RAW DATA →
BEGIN
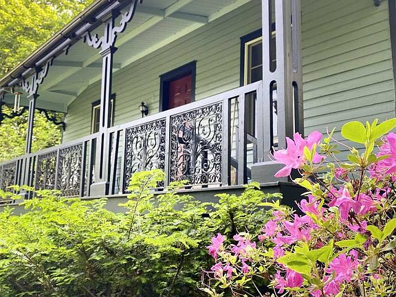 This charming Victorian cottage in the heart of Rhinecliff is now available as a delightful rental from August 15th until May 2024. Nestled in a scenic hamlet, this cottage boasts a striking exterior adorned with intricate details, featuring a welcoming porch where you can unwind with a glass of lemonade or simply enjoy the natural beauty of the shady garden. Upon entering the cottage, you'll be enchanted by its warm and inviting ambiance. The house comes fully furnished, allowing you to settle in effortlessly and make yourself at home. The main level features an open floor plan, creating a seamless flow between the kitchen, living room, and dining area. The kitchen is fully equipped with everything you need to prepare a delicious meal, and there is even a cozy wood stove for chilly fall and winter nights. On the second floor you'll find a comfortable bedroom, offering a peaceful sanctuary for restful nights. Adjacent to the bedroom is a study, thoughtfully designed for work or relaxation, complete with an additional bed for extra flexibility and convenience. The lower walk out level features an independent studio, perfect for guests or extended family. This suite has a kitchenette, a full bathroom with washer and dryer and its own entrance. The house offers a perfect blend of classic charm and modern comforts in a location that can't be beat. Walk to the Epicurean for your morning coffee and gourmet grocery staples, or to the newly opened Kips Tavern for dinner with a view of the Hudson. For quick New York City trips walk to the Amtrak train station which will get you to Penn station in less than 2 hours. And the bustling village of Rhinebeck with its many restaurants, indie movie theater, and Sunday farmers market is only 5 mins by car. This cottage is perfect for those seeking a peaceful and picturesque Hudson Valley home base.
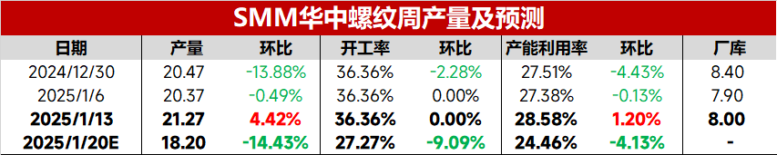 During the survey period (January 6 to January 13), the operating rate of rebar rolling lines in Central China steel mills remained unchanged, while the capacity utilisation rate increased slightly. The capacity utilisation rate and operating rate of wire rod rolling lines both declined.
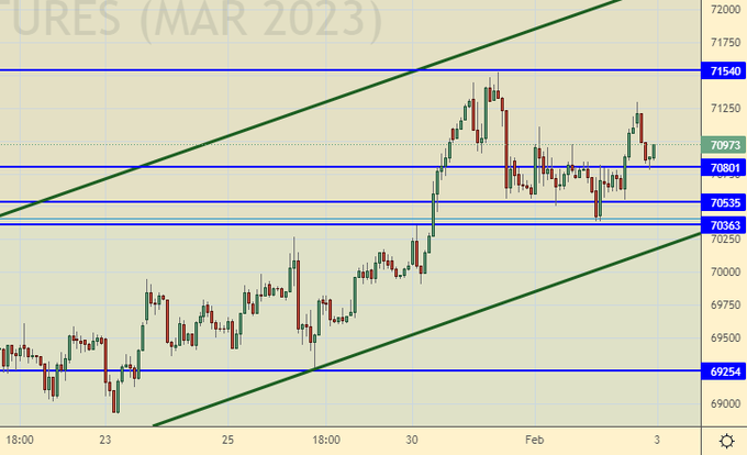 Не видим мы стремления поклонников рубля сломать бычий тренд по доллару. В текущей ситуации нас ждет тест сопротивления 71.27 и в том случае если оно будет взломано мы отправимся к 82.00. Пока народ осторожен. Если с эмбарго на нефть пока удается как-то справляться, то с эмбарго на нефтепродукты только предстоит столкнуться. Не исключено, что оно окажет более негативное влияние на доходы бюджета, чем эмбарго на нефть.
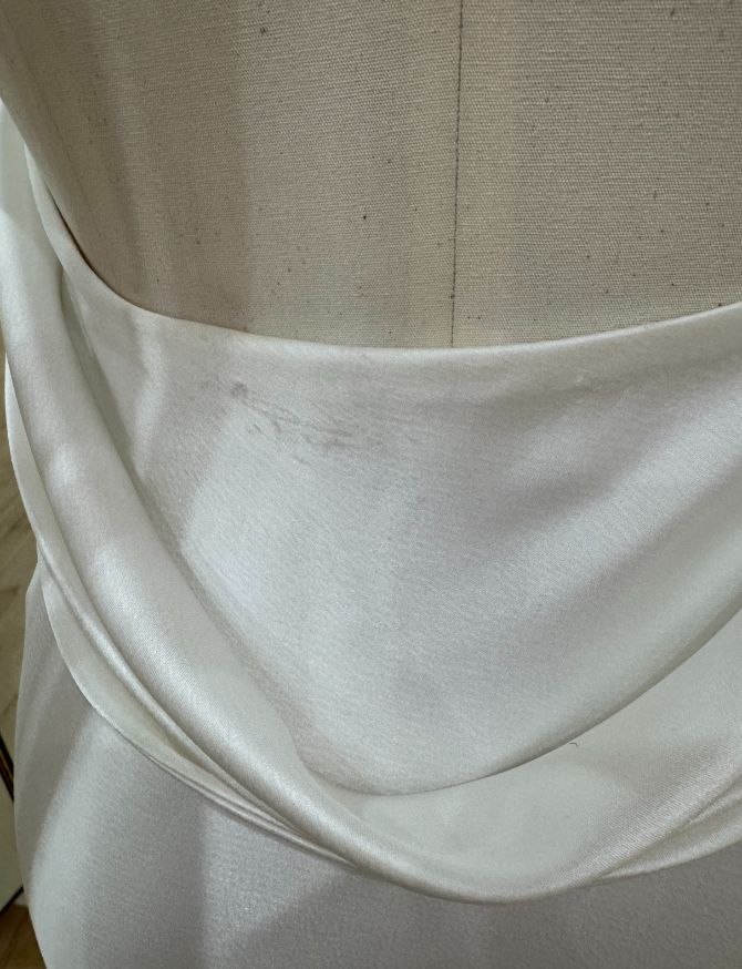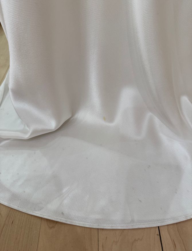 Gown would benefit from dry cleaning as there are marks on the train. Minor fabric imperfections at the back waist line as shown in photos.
END
ABOUT THIS TASK → Starting with the line that contains "Не видим мы", give the lines again exactly as they appear through the last line of the data, pictures excluded.

SOLUTION TO THIS EXERCISE →
 Не видим мы стремления поклонников рубля сломать бычий тренд по доллару. В текущей ситуации нас ждет тест сопротивления 71.27 и в том случае если оно будет взломано мы отправимся к 82.00. Пока народ осторожен. Если с эмбарго на нефть пока удается как-то справляться, то с эмбарго на нефтепродукты только предстоит столкнуться. Не исключено, что оно окажет более негативное влияние на доходы бюджета, чем эмбарго на нефть.
 Gown would benefit from dry cleaning as there are marks on the train. Minor fabric imperfections at the back waist line as shown in photos.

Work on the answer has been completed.